Which is why I feel responsible. It could have been me over there.

I have no doubt that the overwhelmingly vast majority of Arabs and Muslims living across the world live peaceful lives. I don't doubt that they condemn this murderous tragedy as fervently and as freely as I do, and that they should not be singled out in any way.

But then, it only takes a handful to hurt us all, and they have. Time and again, they have hurt us all.

Make no mistake. I believe the Palestinian cause is legitimate, often fought by the illegitimate using immoral means. I don't want to see anyone kill or be killed for this cause or any other cause.

As a Palestinian, I do not believe the cause should suffer because of Tuesday's attacks.

But no longer can I, or anyone else who cares about the Middle East, stand silently by while Islamic extremists seize the minds and hearts of the hopeless and the powerless in the Arab world.

No longer can we just watch while extremists wage a meaningless, senseless and ineffective war of terror against Israelis and Jews, against Arabs and Muslims, against Americans and against people the world over.

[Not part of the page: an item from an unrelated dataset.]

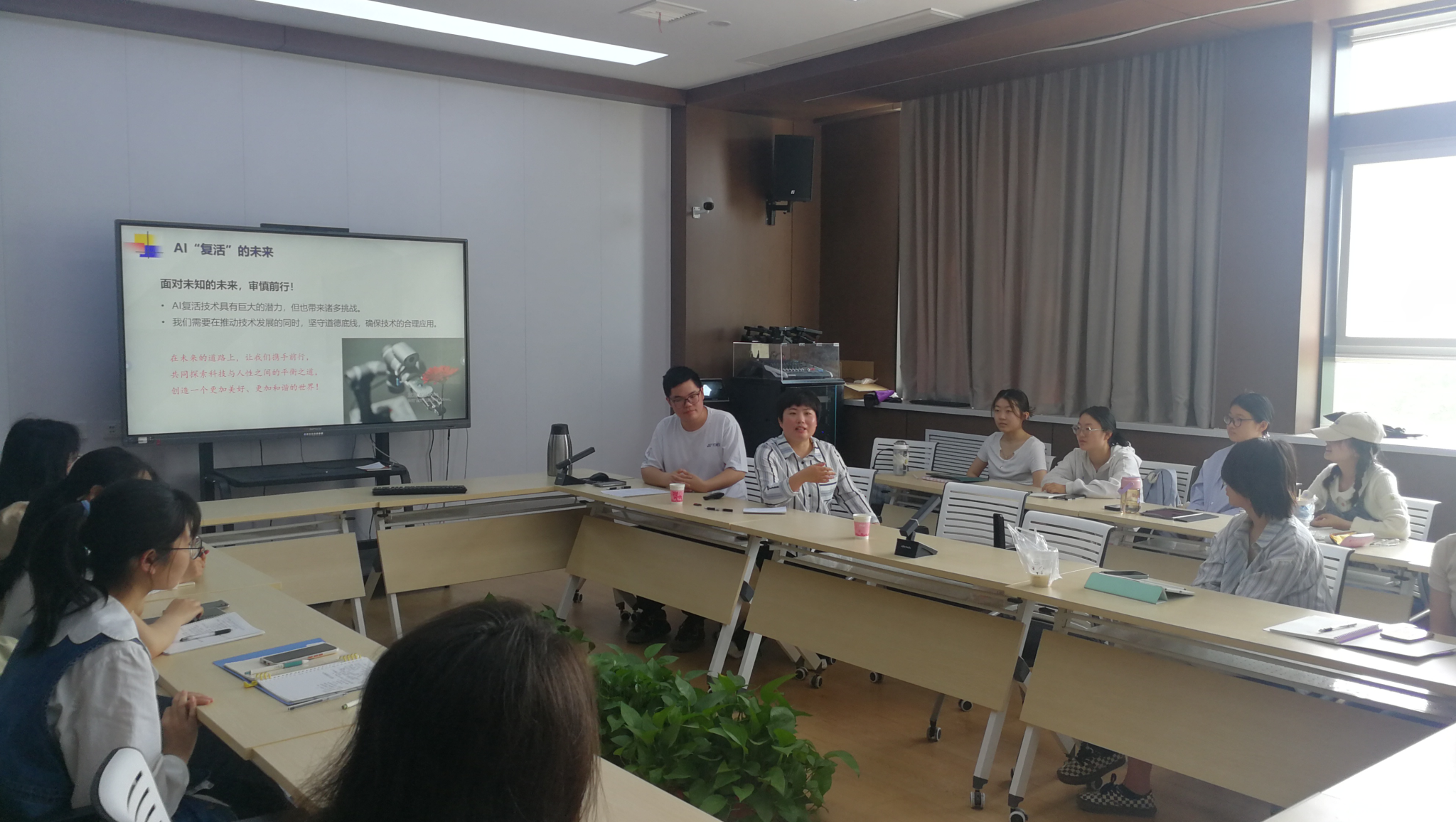 4月27日上午,嫩草影院 举行主题为“AI复活:技术的边界与道德的考量”的哲学明德学术沙龙,人工智能学院黄紫晴老师应邀主讲,宋春沅主持,叶平老师作为与谈人与2022级、2023级哲学明德班同学共同参与。

It is in no way a revelation to me that their way always was and always will be the wrong way. It is no revelation to me that their cowardly war has produced no victories, just death. It is no revelation to me that their war has not improved the tragic lot of the Arab world. It is no revelation to me that those who care so little for the lives of others have no compunction about murdering their own as well.

I have no answers or explanations for you. Just my unending remorse. I cannot explain the mindset of those who murder so freely and with such conviction. I cannot explain what has reduced people to such a state that they care little for their own lives, and even less for others they have never known.

All I can say is that I have never shared such violent and immoral enmity, neither does my family, and neither does any other Arab or Muslim I have met.

Before, I never would have had to write that.

Maybe I shouldn't have to at all.

But before Tuesday, we all lived in a different world.

I want to make a better one. I hope I am not alone.